# Tuttles Krusty Pelican 1st Annual Inshore Tournament



## whos your daddy (Jun 2, 2004)

The 1st Annual Tuttles Krusty Pelican Inshore Fishing Tournament will be held May 5 , 2007 at Tuttles Krusty Pelican Bar and Grill in Sargent, Texas. Below are the details.

Trout - Redfish - Flounder

Entry Fees - Main Tournament - $20 per person
Lady Angler Pot - $10 per lady angler
Side Pots for - Heaviest Stringer - $10 per person
Redfish with most spots - $5 per person
Trash Can Pot(Heaviest Hardhead)- $5 per person

Catagories - Trout - Redfish - Flounder

Pays- 1st , 2nd and 3rd in each catagory

Heaviest Stringer 

Pays 1st and 2nd place

Lady Angler Pot 

Pays 1st , 2nd and 3rd (Lady angler is for heaviest single redfish. Lady angler will also be eligible to place in main tournament also)


Registration- Starts Friday , May 4th at 5pm at Tuttles Krusty Pelican Bar and Grill and ends at 9pm.

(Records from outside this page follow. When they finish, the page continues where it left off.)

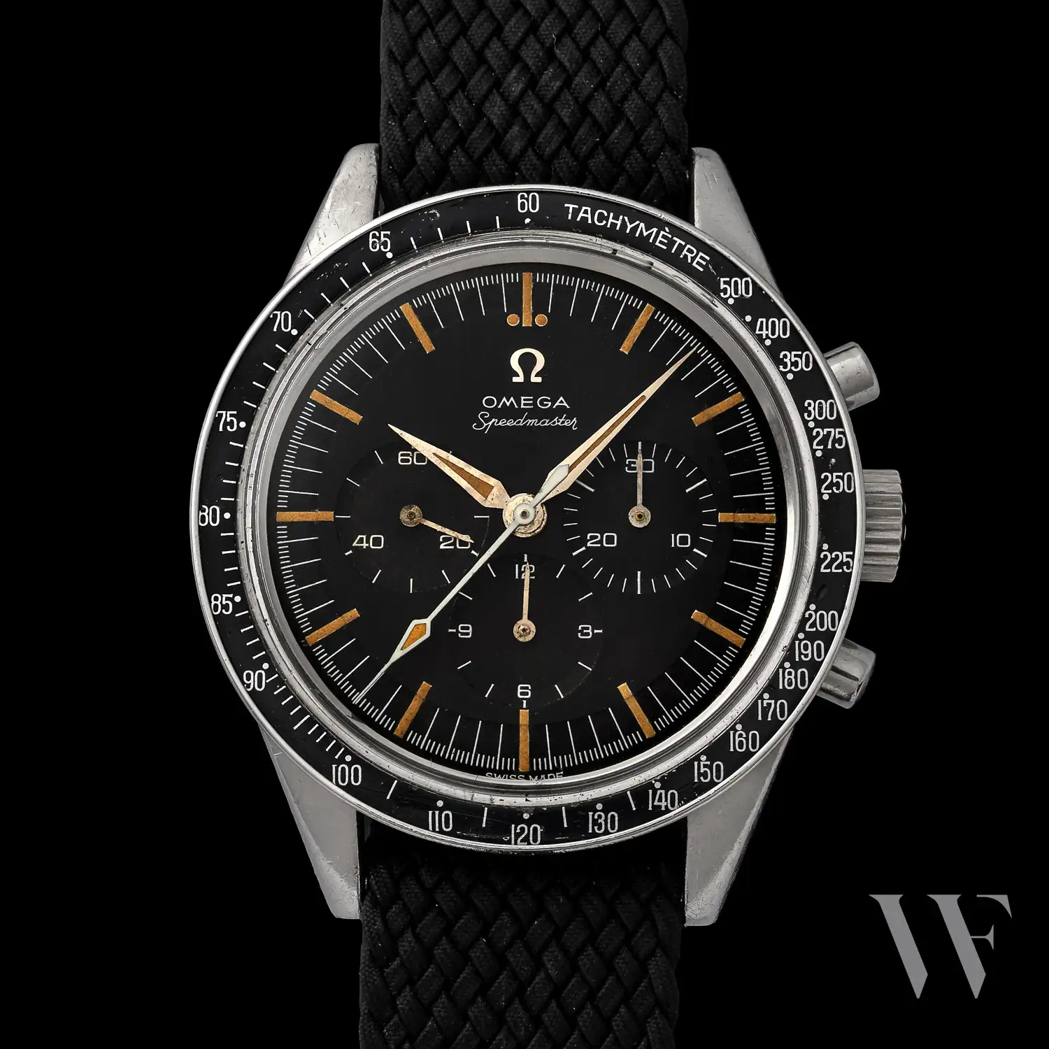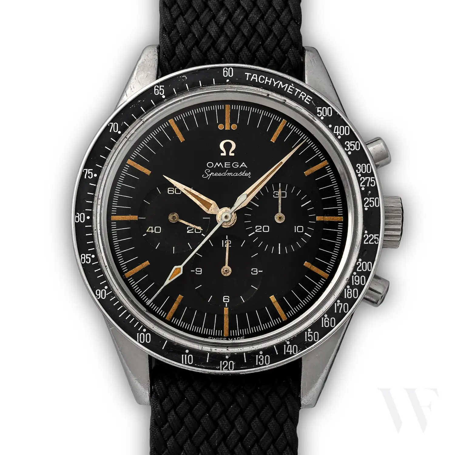 The CK 2998 reference took over from the first model, CK 2915, in 1959 and its production is estimated at 8’000 watches, divided into 8 sub-references. Its main distinctive feature is the hour and minutes Alpha hands. The CK 2998 was the first Speedmaster in space, worn by Wally Schirra as his personal watch on the Sigma 7 mission of the Mercury program in October 1962. It was also the choice of two other Original Seven astronauts: Gordon Cooper and Deke Slayton.
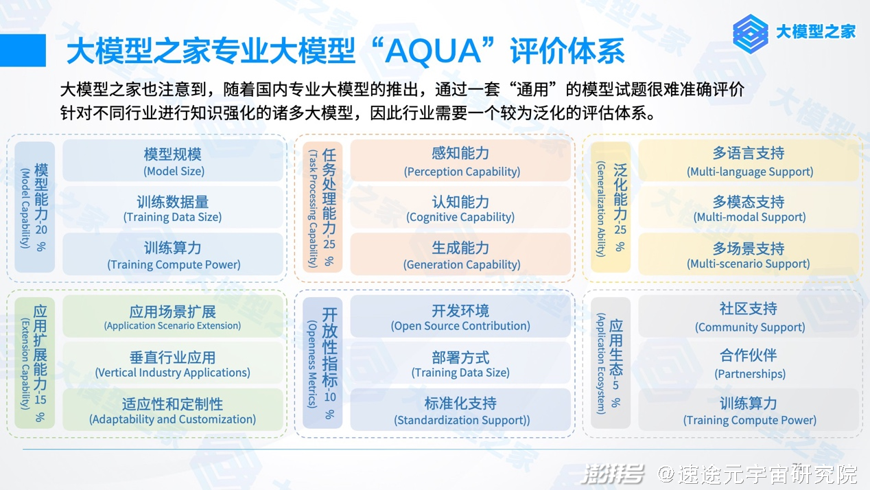 特别提出“专业大模型“AQUA”评价体系”,帮助使用者选择更适用的大模型
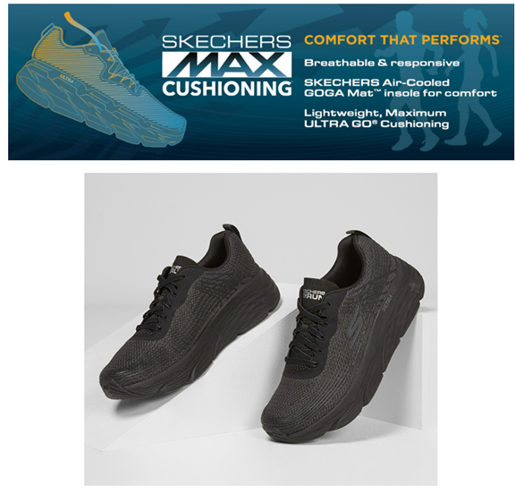 Add more cushioned comfort and response to your run with the Skechers Max Cushioning Elite™. A cushioned comfort running and walking design on an ULTRA GO® cushioned platform. The company's success stems from it's high quality, diversified, and affordable product line that meets consumers' Various lifestyle needs. Since it's inception in 1992, the Skechers diverse product offering has grown from utility style boots to include seven Skechers brands and five uniquely branded fashion lines for men and women. Skechers is an award-winning global leader in lifestyle footwear offering shoes that appeal to trend-savvy men, women and kids everywhere. The brand's styles include the latest innovative athletic, casual and fashion sneakers as well as sandals and boots—with many collections featuring Skechers air-cooled memory foam insoles for added comfort. Plus, Skechers offers a range of slip-resistant work FOOTWEAR for men and women, as well as cool, fun, playful and lighted styles that boys and girls love. Always ahead of the fashion curve, Skechers has made its sport, casual and dress casual shoes essential to every closet.
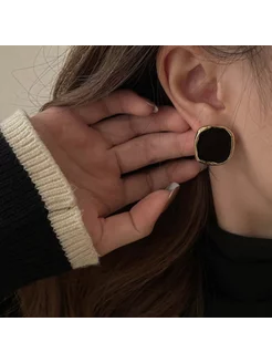 Серьги бижут. Бирюза, гвоздики с искусственным янтарем

Fishing starts at 5am on Saturday , May 5th 2007 and will end at 7pm. Boats must be in line to weigh by 7pm in order to weigh. Scales open at 3pm.

Door prizes and Raffle items , good food , great people.

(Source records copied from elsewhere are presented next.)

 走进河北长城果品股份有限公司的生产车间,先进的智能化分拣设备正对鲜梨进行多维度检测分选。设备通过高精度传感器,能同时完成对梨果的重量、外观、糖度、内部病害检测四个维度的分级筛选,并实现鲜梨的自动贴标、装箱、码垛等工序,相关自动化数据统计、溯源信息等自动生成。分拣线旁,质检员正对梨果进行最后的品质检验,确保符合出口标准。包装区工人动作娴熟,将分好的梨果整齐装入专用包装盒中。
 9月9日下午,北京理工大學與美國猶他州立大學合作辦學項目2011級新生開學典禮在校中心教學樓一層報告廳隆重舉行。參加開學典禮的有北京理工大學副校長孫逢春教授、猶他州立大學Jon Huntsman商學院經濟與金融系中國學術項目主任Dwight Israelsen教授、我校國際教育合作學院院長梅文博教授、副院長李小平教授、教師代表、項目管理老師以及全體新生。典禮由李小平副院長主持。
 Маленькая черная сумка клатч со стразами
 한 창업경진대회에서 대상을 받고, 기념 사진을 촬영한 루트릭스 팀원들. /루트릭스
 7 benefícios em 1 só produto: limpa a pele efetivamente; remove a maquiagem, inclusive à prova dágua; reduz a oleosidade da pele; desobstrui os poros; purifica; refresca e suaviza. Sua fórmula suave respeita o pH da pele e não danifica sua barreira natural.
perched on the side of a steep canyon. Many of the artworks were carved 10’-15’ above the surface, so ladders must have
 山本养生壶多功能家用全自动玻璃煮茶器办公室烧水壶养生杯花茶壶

Anyone wanting a tournament brochure, please P.M me with your mailing address.


Mark Holland


----------



## whos your daddy (Jun 2, 2004)

*Tuttles Inshore Tournament*

Tournament brochures are ready to be mailed out. Let me know if you need one.


----------



## cclayton01 (Jun 6, 2005)

I'll take a couple

Sent PM with address, thanks

Collin C.


----------



## Fubar (Jun 10, 2005)

looks like fun. PM sent.


----------



## LIONESS-270 (May 19, 2005)

Mark, looks great, can't wait!

Thanks,

Rob


----------



## TxLadyAngler (Oct 6, 2004)

Yes, I'll take some please.


----------



## Dolphingirl (Apr 5, 2006)

*Tuttles*

I scanned the tourney flier for all that needed to see one. I am not sure if you can print and mail it in but if you can then by all means please do so! We will accept early entries until April 27th that way we can have time for all the checks to clear....After that you have to register in Sargent Friday May 4th at Tuttles Krusty Pelican Restraunt. And your entry will have to be paid in cash...That way we can pay you in cash when you WIN!!!! Hope to see all of you there.

Kelly


----------



## whos your daddy (Jun 2, 2004)

*Tuttles Inshore Tournament*

Sign up !


----------



## TxLadyAngler (Oct 6, 2004)

We'll (jabx and I) be there!


----------



## whos your daddy (Jun 2, 2004)

*Tuttles Inshore Tournament*

4 days away , hope to see everyone there this weekend.


----------



## TxLadyAngler (Oct 6, 2004)

Well, looks like I won't be able to make the tourney. I hope your event turns out great!


----------



## LIONESS-270 (May 19, 2005)

Robs and I can't make it either...


----------



## whos your daddy (Jun 2, 2004)

Special thanks to Castaway Rods who donated 10 rods to be given away at the tournament to the winners and as door prizes. American Rodsmiths also donated a number of rods as well as several other items. Thanks alot !


----------



## whos your daddy (Jun 2, 2004)

*More Tournament Donations*

Stick Em rods is donating a custom rod to the tournament, Big Thanks Glen from stick em rods. Also , thanks to Lowes in Lake Jackson , bass assassin lures, mirrorlures , Wal Mart and HEB for thier donations to the tournament. Looks to be a great turnout this weekend !


----------



## whos your daddy (Jun 2, 2004)

Tournament Shirts were made by Xact Business Solutions who is owned by TXPALERIDER on this board. He has done a exceptional job working with us with our tournament shirts. I will continue to use him for the upcoming offshore tournament in June for shirts as well as a tournament banner. He is very recommended. Thanks Brad !


----------



## whos your daddy (Jun 2, 2004)

*Tuttles Inshore Tournament*

Marshrat Rods are donating a custom rod to the tournament also. Big Thanks to Donna Reed at Marshrat Rods for the donation.


----------



## whos your daddy (Jun 2, 2004)

*Correction*

Make that Doris Reed , sorry Doris


----------



## whos your daddy (Jun 2, 2004)

*Laguna Rods*

Thanks to Jode Shupe from Laguna Rods for his donation of Laguna Rods to the tournament. He is a great guy and made arrangements in getting the rods here for the tournament with the help of Capt John. Thanks Guys !


----------